The code demonstrated two message storage patterns: (1) InMemoryChatMessageHistory added 4 messages to a list in RAM and retrieved them instantly. (2) SqliteChatHistory simulated persistent storage by writing each message to a JSON file on disk, then loading that file on initialization: demonstrating that data survives process restarts. The output shows both store the same data, but with different durability guarantees.
Common gotcha
Developers often assume InMemoryChatMessageHistory is 'good enough' for production because it works in dev/test. Then a container restarts, the conversation history vanishes, and the user gets a confusing blank slate. Always check your deployment model: if the process can restart or scale horizontally, use persistent storage.
Error recovery
RuntimeError: Chat history not foundFileNotFoundError in persistent storageDatabase connection timeoutExperienced dev note
The hidden cost of InMemoryChatMessageHistory in production is memory bloat on long-running services. Each conversation accumulates tokens: 10 messages × 500 tokens/message = 5K tokens.

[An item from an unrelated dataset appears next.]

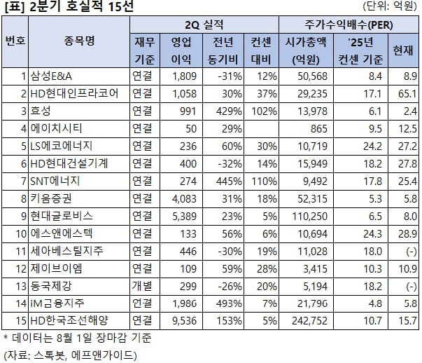 구체적으로 2분기 매출액과 영업이익이 모두 전년 동기 대비 두 자릿수 이상의 성장률을 기록했거나, 영업이익이 20% 이상 성장하거나 혹은 컨센서스(증권가 실적 추정치 평균)를 10% 이상 상회한 종목을 선별했습니다.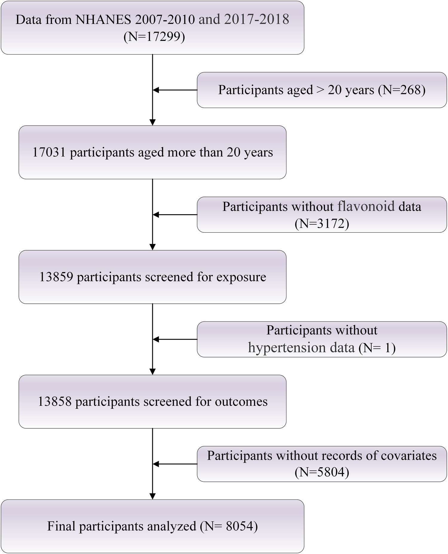 Given the inconsistency in existing research, this study aims to evaluate the association between flavonoid intake and hypertension using nationally representative data from the National Health and Nutrition Examination Survey (NHANES) 2007–2010 and 2017–2018, employing a cross-sectional study design. This research will contribute valuable evidence to inform dietary strategies for hypertension prevention and potentially provide new perspectives for clinical nutritional interventions.

Scale to 1,000 concurrent users × 100 conversations each = 500M tokens in RAM. This kills your service. Also, InMemoryChatMessageHistory doesn't scale across load balancers: user A's conversation on server 1 is invisible to server 2. Always start with persistent storage if you're deploying to Kubernetes, serverless, or anything multi-instance.
Check your understanding
You have a chatbot running on Kubernetes with 3 replicas. A user talks to the bot on pod-1, then their next request lands on pod-2. Which storage option loses the conversation history, and why?
Show answer hint
The correct answer recognizes that InMemoryChatMessageHistory stores data in pod-1's process memory only. Pod-2 has no access to it. Persistent storage solves this because all pods read/write to the same backend (database).